JJ MURPHY GALLERY is pleased to present Farrell Brickhouse’s solo exhibition “Looking Back at Tomorrow,” opening Wednesday, April 17, 2024, from 6–8 PM. The show runs from April 18 to May 18. This represents the artist’s first solo exhibition in New York City in ten years.

Memory plays an important role in Brickhouse’s visually poetic work. The title of the show refers to the artist’s penchant for returning to past experiences to engage more fully with the present and be able to create new forms. As Jason Stopa wrote about Brickhouse’s work in the Brookyln Rail, “These are works about what it means to be engaged in the present moment. They are some of the most intimate paintings of our time.”

In this latest body of work, certain subjects reoccur: fish, birds, water, dreams, flowers, seasons, human feet, and the circus. The paintings reflect the sheer wonder and mystery of the natural world. Early in his career, Brickhouse spent three years fishing in Montauk, at the eastern tip of Long Island. As he acknowledges, the experience of the sea had a profound effect on his subsequent life.
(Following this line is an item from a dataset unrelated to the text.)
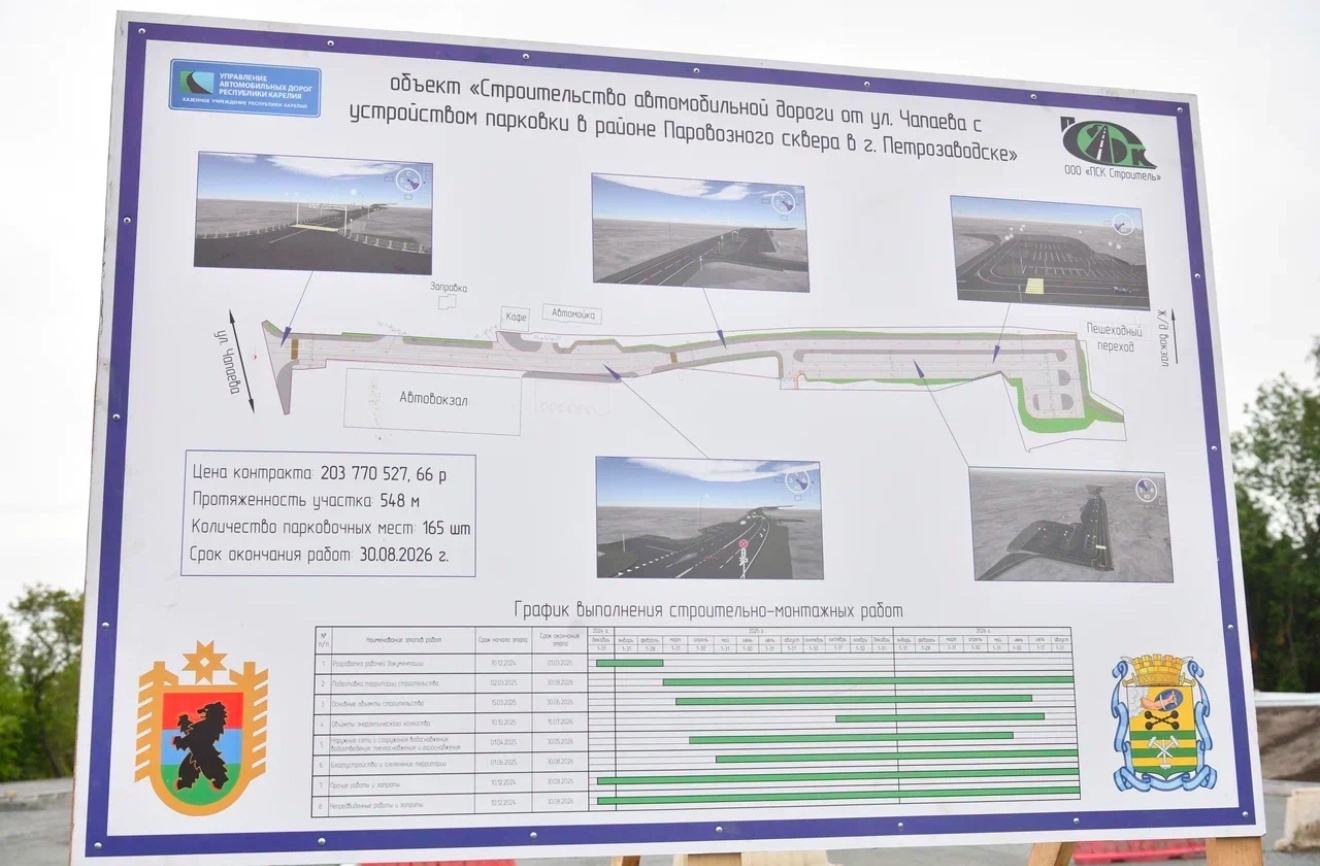 Парковка рассчитана на 165 машино-мест. Сейчас здесь идут основные работы. Ход строительства проверили сегодня министр по дорожному хозяйству, транспорту и связи Карелии Дмитрий Крылов и глава Петрозаводска Инна Колыхматова.
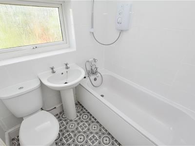 The bathroom offers a white suite which incorporates bath with shower over, wash basin and WC with part tiled walls.

It is perhaps not surprising then that images of fish appear in a number of paintings, such as “Big Fish” (2022), in which a man holds a fish too big for the tank in front of him. “Rescue” (2023) features three speckle-colored figures collectively struggling to carry a large blue fish, while in “Big Fish 3,” two naked figures attempt to hold a gigantic fish above their heads as birds fly overhead. In other paintings, subjects offer various gifts, such as an armful of flowers. Monsters also occasionally make an appearance. According to Brickhouse, “I see in my own work an attempt to find imagery that can speak to these times full of mythic and monstrous forms.”

Brickhouse often works on a small scale, building up his canvasses with thick impasto that gives his work a strong sense of materiality. He cites the French artist Chaïm Soutine as creating intense moments through the movement of “paint being pushed into paint.” Brickhouse observes, “There is something so alive and sensuous about paint, this colored mush of ground minerals and oil.” The interplay between figuration and the thick surface creates a rich tension—a sense of vitality and immediacy—in the work. The heavily crusted still life “Summers End II” (2023) is part of a series he made from paint waste—leftover paint from students in his college painting class.

Farrell Brickhouse (born 1949) grew up in Queens and studied art at Queens College. Over a long career, he has had solo exhibitions at Julian Pretto Gallery, Max Protetch, Pamela Auchincloss, Life on Mars, Fred Giampietro Gallery, and John Davis Gallery. His work has been reviewed in the New York Times, The Brooklyn Rail, and Artforum. Brickhouse taught painting for many years at School of the Visual Arts (SVA) before retiring and eventually relocating to Hudson, New York.